When I, myself now go walking somewhere high up in the mountains, looking at where it is safe to put my hiking boot, I think about his words. He said that one tends to be more careful when you are all by yourself. When you are two people, you tend to relax, loose concentration and then get hurt.
The bigger the group, the bigger the risk that the individual relies on other people to keep him safe.
Just a thought…March 31, 2014 at 2:32 am #5684
You can make a walking stick basket to carry some things in that you gather. (its called a mushroom hunters basket); You use a long enough limb with a smaller branch or two off the side of it and curve the smaller one or two in a circle and weave from there to fill in. You could use spruce roots, grapevine or willow for example for the weaving. It makes a nice walking stick basket. You have to fill in more later as when you use fresh material it shrinks. Sorry I don’t have a picture of one (I sold the one I made and it isn’t the season here to make another.)
You could also make a fish trap basket. Seems to me that basketry is one more skill good to have.
EunoApril 2, 2014 at 12:55 pm #6281
I’ve got a basket handbag that was made in Ghana – Africa, that is 25 years old and still in use.

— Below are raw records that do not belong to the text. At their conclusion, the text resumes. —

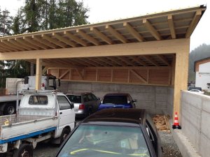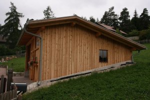 Bau einer Holzhütte, sowie eines Fahr- und Motorradunterstandes
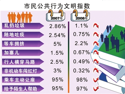 調(diào)查顯示,2008年北京奧運(yùn)會期間,北京市“市民公共行為文明指數(shù)”為82.68,比去年提高了9.3個分值。
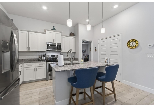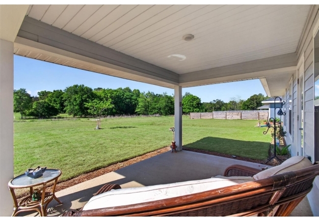 Country Way South – JUST LIKE NEW – is not an exaggeration! This elegant 4 bedroom, 2 bath home is only 3 years old and the owner has not lived here full-time so it has been very lightly used and is in truly pristine, move-in condition. It is elegantly appointed with carefully selected upgrades including plank tile flooring, plush carpeted bedrooms, granite countertops, stainless steel appliances, modern fixtures, LED lighting, plantation shutters and brushed nickel faucets. The kitchen with island breakfast bar and pantry is open to the dining and living areas, while a welcoming foyer leads to two guest bedrooms and a full bath. The primary suite is a true retreat, featuring a walk-in closet, dedicated shoe closet, and a luxurious en-suite with dual sinks, granite vanity, large, walk-in shower, and linen closet. a laundry room with washer and dryer, and a two-car garage. Enjoy Florida living year-round on the large covered lanai. This is a premium lot backing to a common, open area so there will be no homes directly behind this lot. This beautiful home comes fully equipped with all appliances included. Newberry is one of Alachua County’s most popular towns with shopping, dining and entertainment venues all close by.
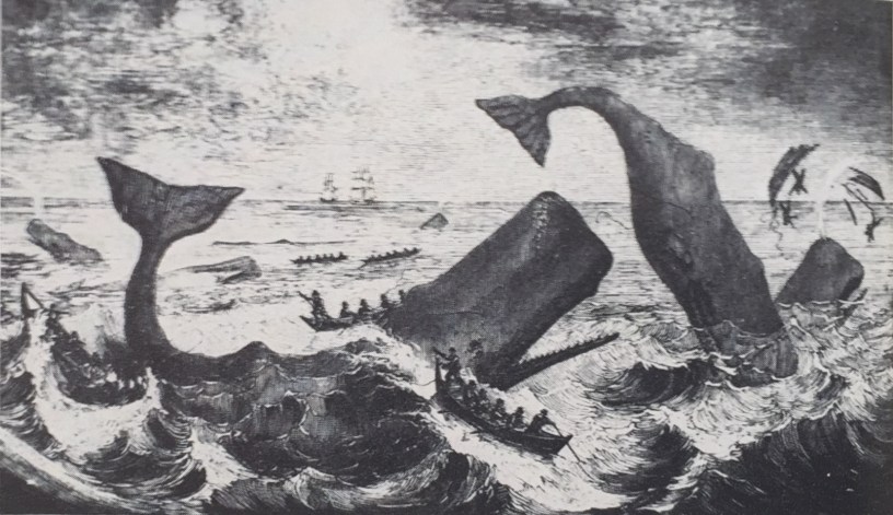 The origin of Melville’s whaling story came from the journals of the Essex of Nantucket, which was rammed and sunken by a gigantic sperm whale in the Pacific Ocean in November,1820. After a 4-year whaling voyage of his own, Melville would read the account of Owen Chase who survived the sinking of the Essex and write about the incident in Narrative of the Most Extraordinary and Distressing Shipwreck of the Whale-Ship Essex.
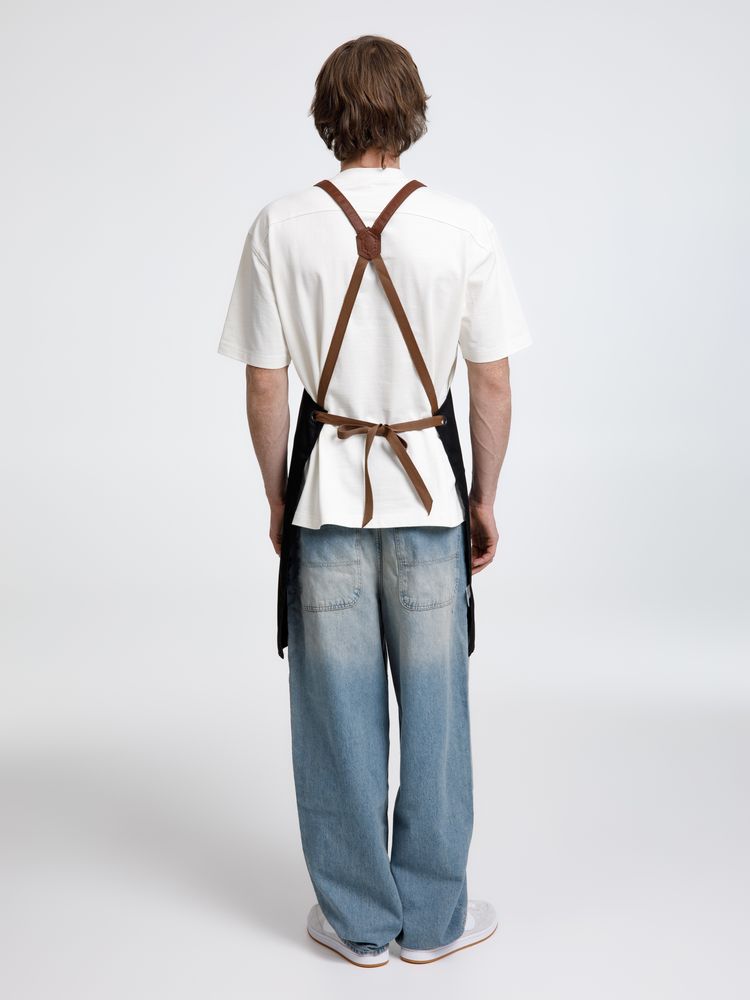 Функциональные карманы на груди и подоле эффектно украшают фартук, изготовленный из качественной дышащей плотной износостойкой ткани. Благодаря динамичным крестообразным лямкам он отлично сидит как на мужской, так и на женской фигуре. Кроме того, съемные лямки упрощают процесс стирки в стиральной машине.
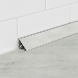 Sie besteht aus zwei Teilen – der untere Teil wird angeschraubt oder geklebt auf die Arbeitsplatte und der obere wird anschließend eingeklickt in den unteren Teil. So entsteht ein fester, präziser und harmonischer Abschluss im gleichen Dekor wie die Arbeitsplatte.
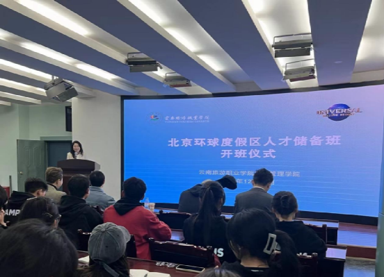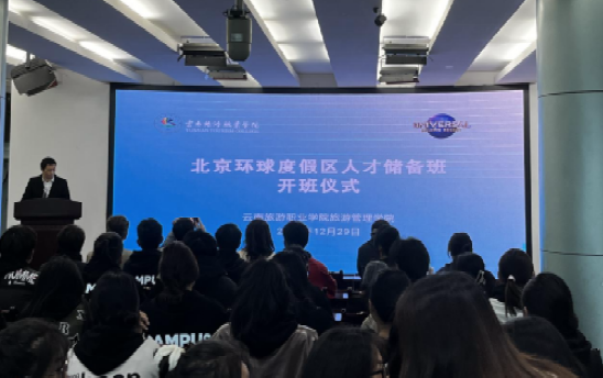为进一步深化校企合作,推进产教融合育人模式,2023年12月29日上午,旅游管理学院和北京环球度假区人才储备班正式开班。学院党委委员副院长黄绍勇出席并讲话,开班仪式由旅游管理学院院长袁浩镛主持。
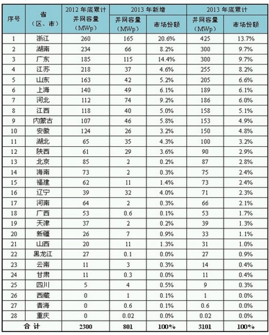刚刚拿到国家能源局发布的2013年光伏发电统计数据。其中分布式光伏电站项目主要分布在电力负荷比较集中的中东部地区,华东和华北地区累计并网容量分别为145万和49万千瓦,占全国分布式光伏的60%。排名前三的省份分别为浙江、广东和河北省,并网容量分别达到16万千瓦、11万千瓦和7万千瓦,三省之和占全国分布式光伏并网总容量的40%以上。
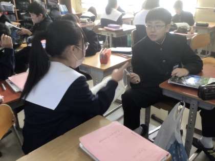 ペアをかえながら、会話のやりとりを練習しました。
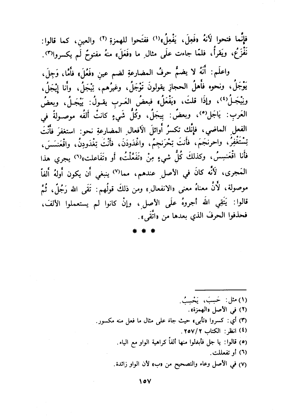 واعلَم: أَنَهُ لا يضمُّ حرفُ المضارعةِ لضم عينِ "فَعُلَ" فأَمَّا وَجِلَ يَوْجَلُ ونحوه فأَهلُ الحجازِ يقولونَ تَوْجَلُ وغيرُهم تِيْجَلُ وأَنا إِيْجَلُ ونِيْجَلُ4 وإذَا قلتَ "يَفْعَلُ" فبعضُ العَربِ يقولُ: يَبْجَلُ وبعضُ العَربِ: يَاجَل5 وبعضُ: يِيجَلُ وكُلُّ شَيءٍ كانتْ أَلفُه موصولةً في الفعلِ الماضي فإِنَّك تكسرُ أَوائلَ الأَفعالِ المضارعةِ نحو: استعفرَ فأَنْتَ تِسْتَغْفِرُ واحرنَجَمَ فأَنتَ تِحْرَنجِمُ واغْدَودَنَ فأَنْتَ تِغْدَودِنُ واقْعَنسَسَ فأنا اقْعَنسِسُ وكذلكَ كُلُّ شيءٍ مِنْ "تَفَعَّلْتُ" أَو"تَفَاعلت"6 يجري هذا المَجرى لأَنَّه كانَ في الأصلِ عندهم مما7 ينبغي أَن يكون أَولهُ أَلفًا موصولة لأَنَّ معناهُ معنى "الانفعالِ" ومن ذلكَ قولُهم: تَقَى الله رَجُلٌ ثُمَّ قالوا: يَتَقِي الله أجروهُ علَى الأصلِ وإنْ كانوا لم يستعملوا الألفَ فحذفوا الحرفَ الذي بعدها من "اتَّقَى".

They are so strong, http://1.bp.blogspot.com/-5CVU9rv3rH0/TzVRZNgRw9I/AAAAAAAABX4/hSq4Ox17t5g/s1600/3+Recycled+Storage+Pots.JPG Mine made from all natural grass. This picture is a good example, just made from plastic bags.April 4, 2014 at 4:20 am #6740
Great list of basic survival, instructor. One thing I would disagree with: light natural fiber clothing. Cotton is known to be deadly in wet winters. I know in the Alaskan Interior, which was dry and extremely cold, we wore synthetic fleece most of the time. Light and very warm, dried quickly if wet. Of course when things got really bad and windy, furs were good (but heavy.)April 4, 2014 at 6:09 pm #6840
Thanks so much!
HannahApril 4, 2014 at 8:43 pm #6874
Thank you instructor, I have almost all of your list but have never used them all in a real wilderness survival so that maybe a problem.April 14, 2014 at 3:33 am #8518
Instructor, thanks for sharing. Very good.May 11, 2014 at 4:00 am #13304
Better than wax over strike anywhere matches is to spray or dip the matches in varnish. Wax can rub off, but varnish impregnates the wood, making the matches permanently waterproof. Before I started doing this, I had matches just smoke and go out because they had absorbed moisture thru the stick.

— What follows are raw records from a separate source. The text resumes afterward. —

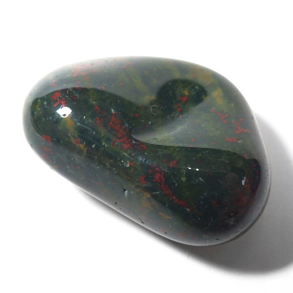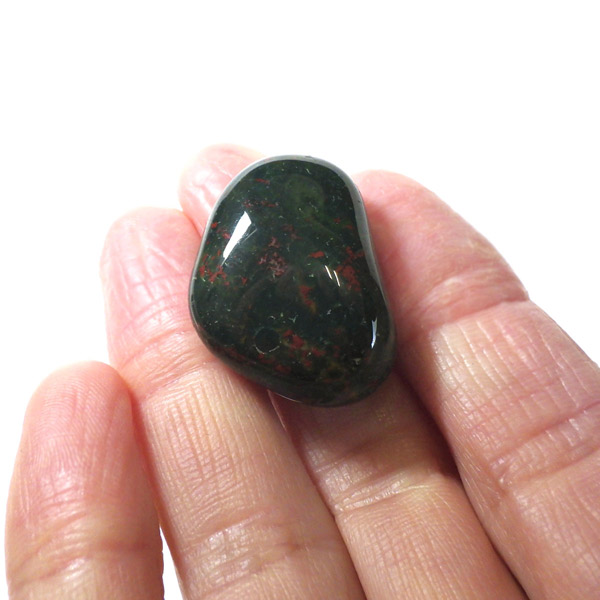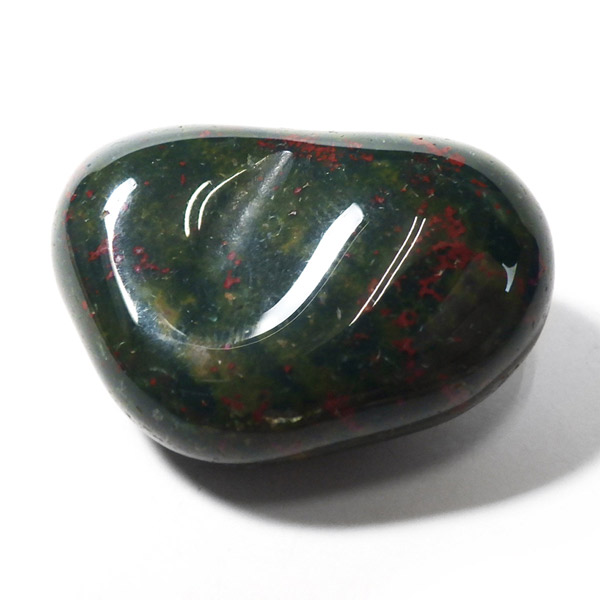 インド産のブラッドストーン、タンブルです。ブラッドストーンはジャスパーの一種で濃緑色の地に赤い斑点や模様の入った石です。鉄に起因する赤い斑点が見られる石で、赤斑点が血の様に見られることからブラッドストーンと呼ばれています。
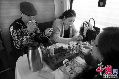 2014年,广州南——北京西高铁。乘客喝茶聊天玩手机。王福春摄影
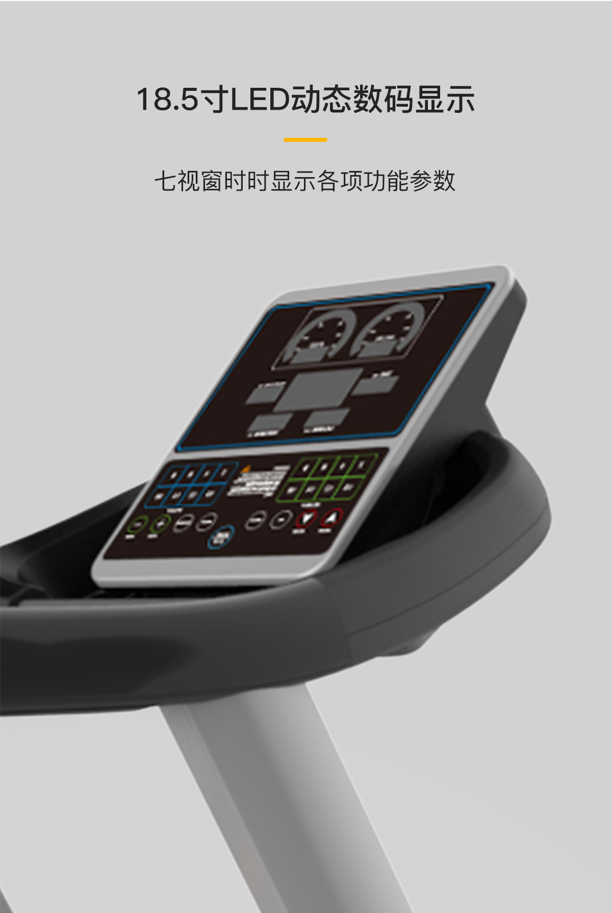 18.5寸LED動(dòng)態(tài)數(shù)碼顯示,速度直選功能,用戶(hù)可自調(diào)時(shí)間,距離,卡路里倒數(shù)模式,自潤(rùn)滑功能
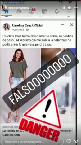 Carolina Cruz se unió a la extensa lista de famosos colombianos que son utilizados para estafar en redes sociales. Los ladrones cibernéticos crearon una cuenta falsa de Facebook de la presentadora de televisión para promocionar un producto adelgazante, y en la descripción brindan supuestos detalles de su peso y estatura.
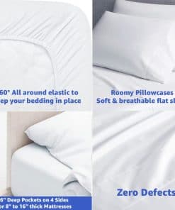 1. Juego de sábanas king size de 4 piezas: sábana bajera tamaño King (80″ x 78″ pulgadas), sábana plana tamaño King (108″ x 102″ pulgadas), fundas de almohada tamaño King (20″ x 40″ pulgadas). 2. Sábana bajera elástica completamente ajustada expertamente con elástico duradero que rodea toda la sábana bajera se ajustará perfectamente a todos los colchones de 8″ a 16″ de profundidad. 3. Tela: los juegos de sábanas están hechos de algodón compacto de alto grado 100% de fibra larga. ¡Son las mejores sábanas que poseerás! ¡Son SUAVES, ACOGEDORAS, LIGERAS, CÁLIDAS, SUAVES y TRANSPIRABLES! Permanece cálido y acogedor en las noches más frías y duerme mejor que nunca. Te sentirás más suave y cómodo. La alta calidad te permitirá experimentar el mejor sueño de calidad y confort. Disponible en una variedad de colores y tamaños para que elijas. Ideal para familiares y amigos. 4. Cuidado de lavado: el juego de sábanas es de algodón, por lo que requiere muy poco cuidado en comparación con otros conjuntos de sábanas de baja calidad. Sin embargo, para experimentar el producto en su mejor momento, recomendamos un lavado a máquina suave en agua fría antes de usar y no usar lejía. Secar a baja temperatura si es necesario y lavar los colores oscuros por separado preferiblemente usando bolsas de lavado de malla. 5. Satisfacción del producto: Creemos en la satisfacción del cliente y le aseguramos una excelente calidad de producto y servicio al cliente. Sin embargo, si no está satisfecho con la compra o tiene alguna consulta, no dude en contactarnos en cualquier momento. Con gusto le ayudaremos.
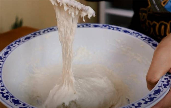 1.这个普通面粉咱们放上300g,酵母粉放上3g,白糖10g促进发酵,加入240毫克的温水,咱们和面,顺着一个方向一直搅拌到细腻比较粘稠一点的面糊,在上面封上一层保鲜膜,把它给封紧了,然后发酵60分钟左右。
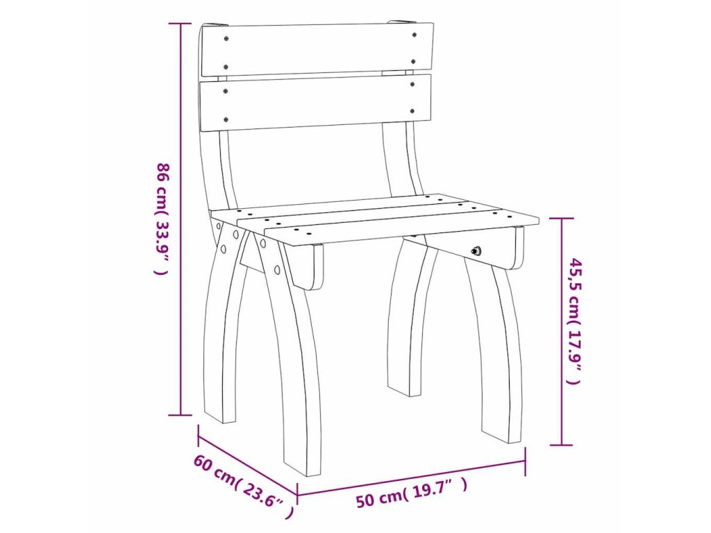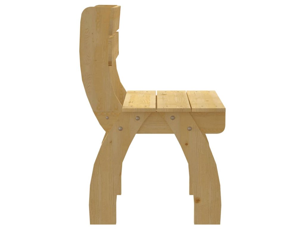 Drevená záhradná stolička je vyrobená z borovicového dreva so zelenou impregnáciou, vďaka čomu je veľmi pevná, trvácna a odolná voči hnilobe.

As well as these matches, I carry a Bic lighter and a metal match in my survival kit. You just can’t have too many ways to start a fire. Also try a plastic film can full of calcium carbide (for miner’s lamps in the old days). Put a t-spoon of this in a small can with some water and build your fire over the acetylene gas it releases. Works even in the pouring rain.
I swear that I will defend the Constitution against all enemies - foreign and domestic. SargemsbJuly 22, 2014 at 5:39 pm #19638
If you rely on matches or a lighter to start a fire, you will be cold. Lighters have problems below about 40 degrees and matches get wet at the worst possible times.

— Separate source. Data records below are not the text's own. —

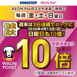 AEON Payの店頭決済なら、毎週、金・土曜日に加えて、「日曜日」も3日連続でWAON POINTが基本の10倍になります!
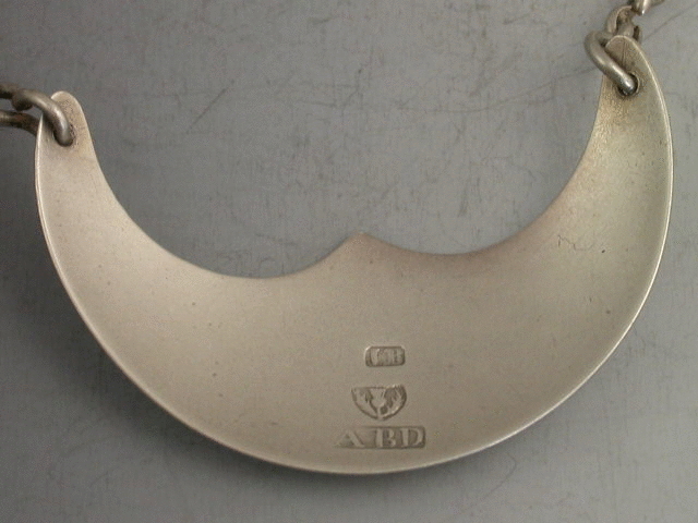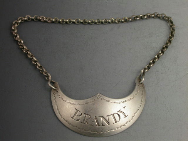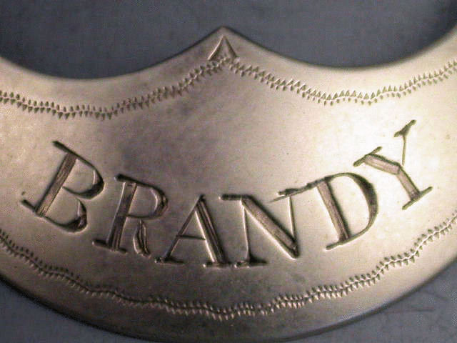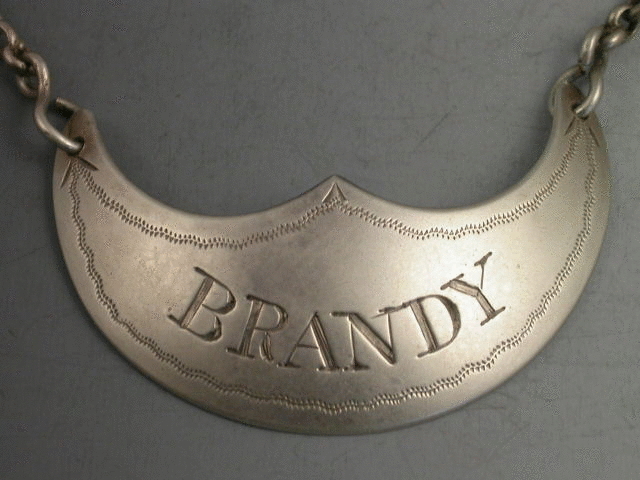 An extremely rare early Victorian Scottish Provincial silver Wine Label of crescent form with central peak, engraved with wavy band of pricked decoration, incised for BRANDY.
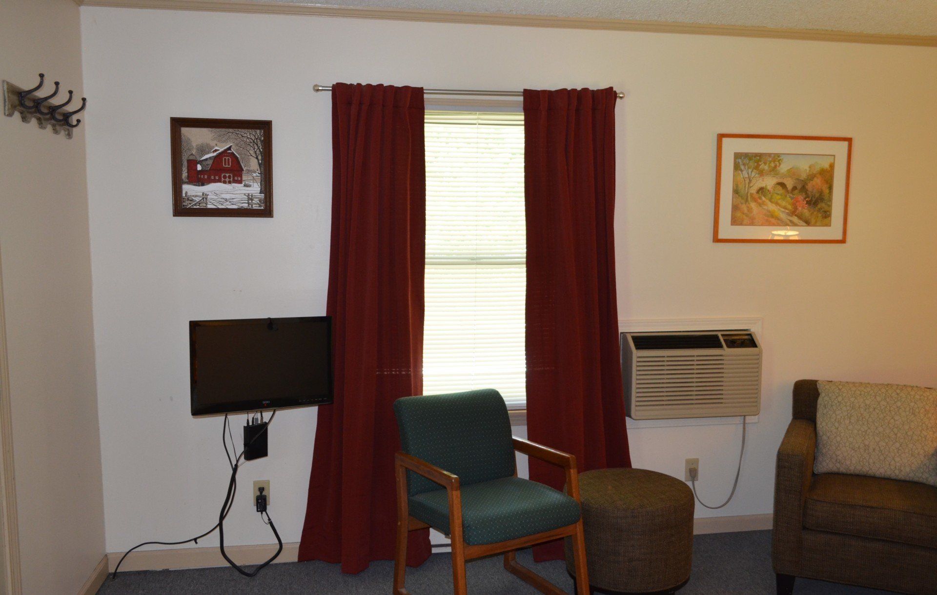 The Pine Lodge is attached to our restaurant, and each room has only a motel style entrance. In keeping with the name, each room has two walls covered with dimensional pine paneling. Each room includes a queen bed and private bath.
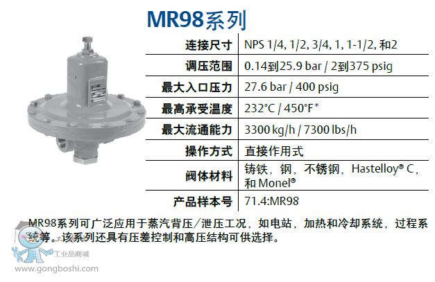 MR98系列可廣泛應用于蒸汽背壓/泄壓工況,如電站,加熱和冷卻系統,過程系

I use flint and steel about 90% of the time, but do use a firesteel during heavy downpours. I do get a wild hair every once in a while and use a bow drill, but it is more to show off than anything. Cotton balls coated in Vaseline work even after they have been soaked, so a firesteel will light them in the worst weather.
All in all, you should get comfortable with all the gear and techniques you like to use so that you don’t end up cold and dead when things don’t work.